Natalie lumbers into the hallway and kicks Ramola’s left leg, mid-thigh, a direct hit but on the muscle and without much leverage behind it. Next, she tries to stomp down on Ramola’s knees but misfires, throwing herself off-balance, tilting her weight. Forced to put her hands on the wall to catch herself and recalibrate, Natalie gives Ramola an opening.

Ramola scrabbles onto her feet and sprints down the hallway, to its other end. She pauses in the entryway at the chairlift and bottom of the stairs where most of the contents of Josh’s pack remain on the floor. Natalie gives chase but she is breathing heavily and moving slower, her quick-burst attack already depleting her body’s energy and strength reserves. At least, Ramola hopes that’s the case.

Ramola briefly considers running upstairs, but without knowing the layout she fears being trapped. She also doesn’t want Natalie falling or hurting herself or the baby climbing up and down the stairs. Instead she hangs the loop of rope off her barking right shoulder and grabs the roll of duct tape. She waves her hand in a come-here gesture and she talks in the calmest voice she can manage, telling Natalie it’s time to go to bed, time for rest.

The sound of Ramola’s voice has the opposite of the intended effect. Natalie clambers down the hallway that is either shrinking or she is filling, roaring more nonsense, the nonwords an aural virus, infecting Ramola’s head with a near-blinding fear. Moving too slowly initially, Ramola bumbles into the kitchen, her feet sputtering on the linoleum. Regaining some of her composure, she darts through the room and into the hallway. Backtracking to the rear of the house, Ramola runs at full throttle to expand the distance between her and Natalie.

Returning to the bedroom, Ramola leaps onto the bed and crab-crawls into its middle, crouched but with her legs coiled under her.
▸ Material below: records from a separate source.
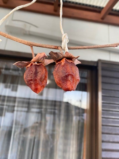 干し柿の様子が気になって毎日観察しています。しぼみ具合や表面のつやの変化をみたり、指でつまんで弾力を確かめたりもしています。軒下に吊してから3週間がたちますが、冷え込む日が続きなおかつ雨が少ない、素人考えですが干し柿作りには最適な環境だったのではないでしょうか。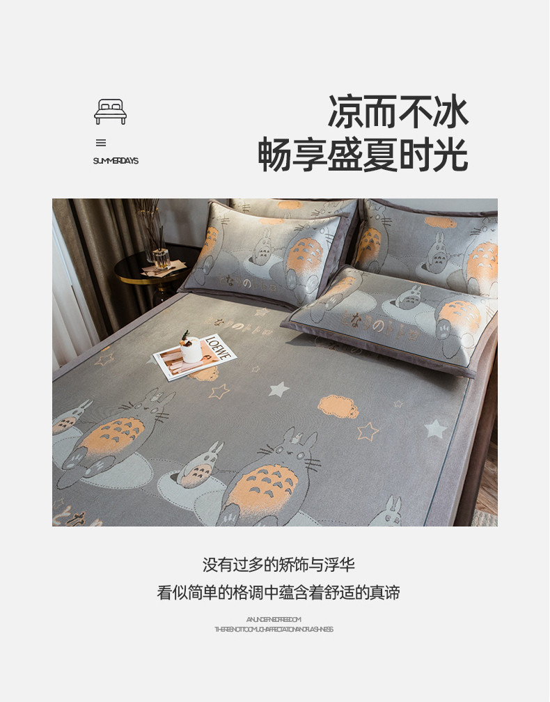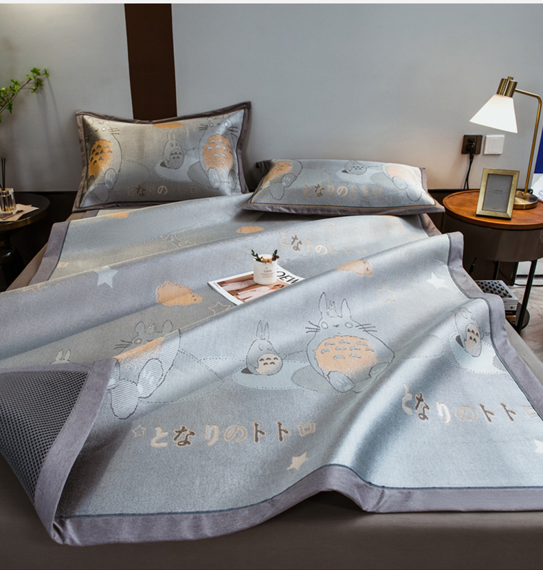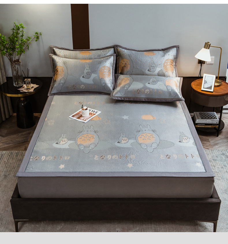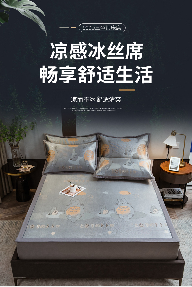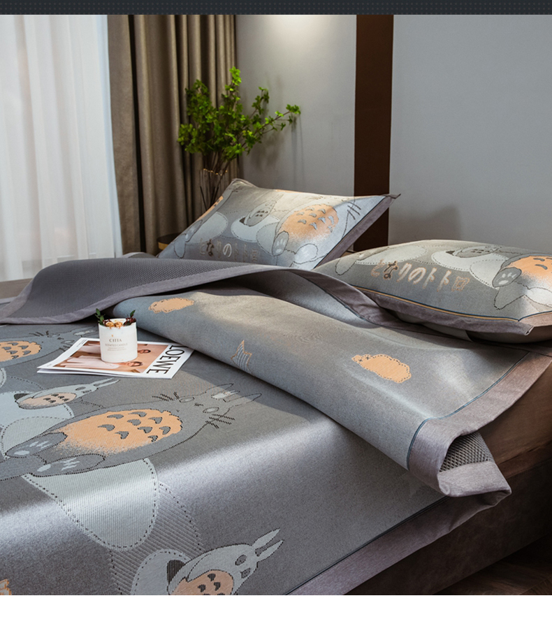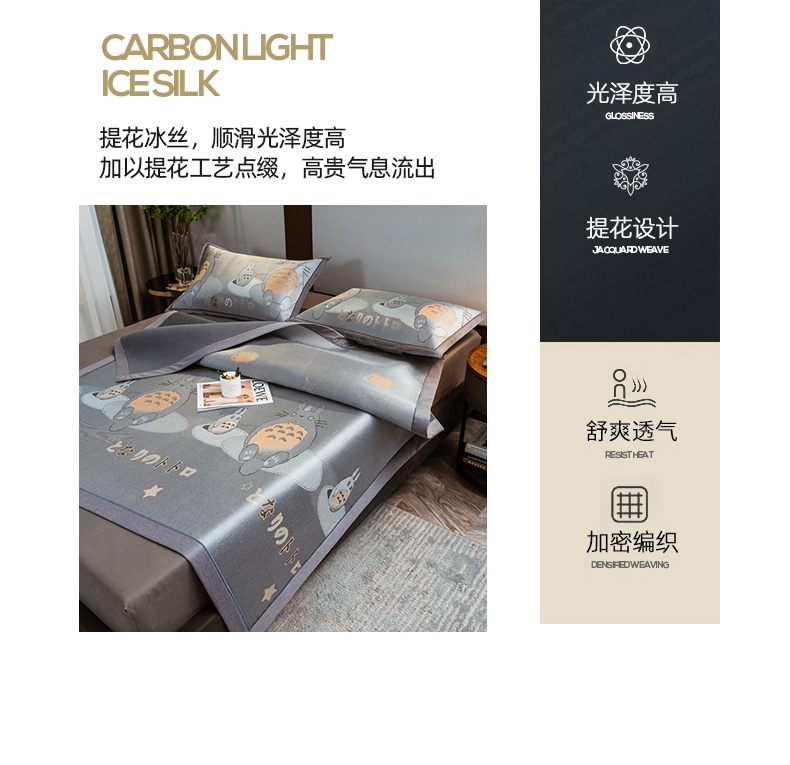 商品名称:全季家居 2025新款900D高精密三色纬提花冰丝凉席 床席-龙小猫-灰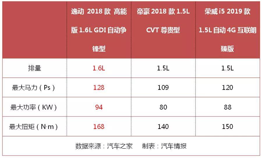 通過上述表格可以明顯看出,無論在最大馬力、最大功率,還是最大扭矩上,逸動都要比帝豪和榮威i5有優(yōu)勢。放在實(shí)際駕駛中,意味著其將會比帝豪和榮威i5有更加暢快的感受。

Her first attempt at opening the duct tape goes awry as the tape sticks to her latex gloves. She tears off a strip and the gloves, tosses them into a dark corner. She rips open another length of tape, leaving one end attached to the roll.

Natalie billows into the room, screaming between gasping breaths. She knocks into the bed with both legs, as though not realizing she can’t pass right through it. She leans and stretches and reaches for Ramola, opening and closing her mouth.

Ramola ducks and pivots, avoiding Natalie’s grasping hands, scooting back toward the far side of the bed, but hoping to stay close enough to lure Natalie to lean and extend further.

Softly, Ramola says Natalie’s name again and tells her to lie down. Natalie snarls, shouts, “Never leave!” and lunges with her right arm. She falls onto the bed, hands first, holding her torso up as though preparing to do a modified push-up. Ramola slaps and sticks the tape to the back of Natalie’s right wrist and then quickly slides backward and off the bed. She sprints around the perimeter of the frame to the other side, coaxing herself to move faster. While Natalie is distracted by the tape and still bent forward, Ramola lowers her left shoulder and slams into Natalie’s backside.

Natalie pitches onto the mattress, landing on her left shoulder, and rolls onto her back. Her lower legs dangle off the bed. Ramola is fortunate that Natalie went left instead of right, as the duct tape is not trapped under Natalie’s body and is still attached to her wrist. Ramola quickly cocoons Natalie’s wrists and hands together. Natalie kicks out at Ramola but doesn’t land a solid blow. When she tries to sit up without the aid of her hands, she falls back to the bed with the slightest nudge. Ramola ties off one end of the rope between and around Natalie’s taped wrists. She loops the rest of the rope around the closest bedpost, making a pulley, and hauls in rope until Natalie’s arms are hoisted over her head, then she ties it off.